Those hard-right rabblerousers infamously called feminists “feminazis”. Now the woke left calls them “Nazi-adjacent”. In both cases the low aim is to shame women into silence, to drive these uppity broads off the streets and back into the kitchen, presumably.

Posie and her allies are defending reason and freedom. They’re standing up for biological truth and the right of women to express themselves.

Their woke persecutors, meanwhile, are the foot soldiers of irrationalism. They fantasise that there are 72 genders and they clamour for the silencing of all who disagree.

Liberty or absurdity? I know which side I’m on.

Thank you Brendan.

Figures
Figures
March 24, 2023 1:45 pm

I’m not sure about these microbes in sewage claims. They were popular during the COVID panic, but there is no evidence that they proved a thing.

They prove that the germ theory is a lie is what they prove.

They also prove that the so-called “eradication” of diseases (like smallpox or polio or rinderpest) are abject lunacy. When the narrative is that the disease no longer exists, then we stop looking for the supposedly culpable germ and if we observe the symptoms in people we call it something else. If, however, the narrative changes and we want to find it again, then find it we will.

Now, given that I have provided an obvious reading of the facts I expect Dot and monty to jump up and down hysterically. Monty will call me a conspiracy theorist and Dot will say that because bloodletting and miasma were wrong, the polio vaccine must work.

shatterzzz
March 24, 2023 1:51 pm

The minister for Indigenous Australians, Linda Burney, says an incident in which senator Lidia Thorpe was knocked to the ground, apparently by an Australian federal police officer, while protesting against an anti-trans rights rally was “disturbing and concerning”.

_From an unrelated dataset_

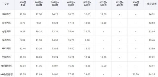 현대카드와 NH농협카드의 평균금리가 한 달 만에 1%p 넘게 떨어졌다. KB국민카드와 신한카드는 각각 0.82%p와 0.61%p 하락했다. 반면 하나카드는 지난달 전달 대비 1.75%p 올랐으며, 우리카드도 지난 2월보다 0.01%p 상승했다.
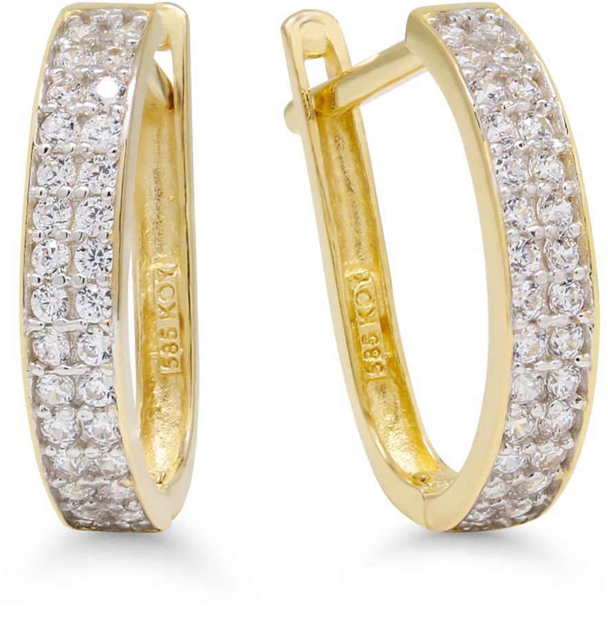 Kultaiset Korvarenkaat Zirkoneilla 6-E43371Z Koko: 13x10mm Leveys: 2,5mm Tappikiinnitys saranalla

have to agree with the minister on this .. I was ‘concerned” she wasn’t back-slammed to the ground and pepper sprayed like an ordinary Oz would be and “disturbed” by the fact that this is the 2nd time in a fortnight she hasn’t been charged with incitement/disruption ..
Seems “troughers” aren’t held to the same behavioral standards as the vote-herd …!

Robert Sewell
March 24, 2023 1:53 pm

Wodger:

Nobody is equating Russia with the Soviet Union; there are continuities and discontinuities, not least among the discontinuities being the border changes since 1991 and the independence gained by the former Soviet republics.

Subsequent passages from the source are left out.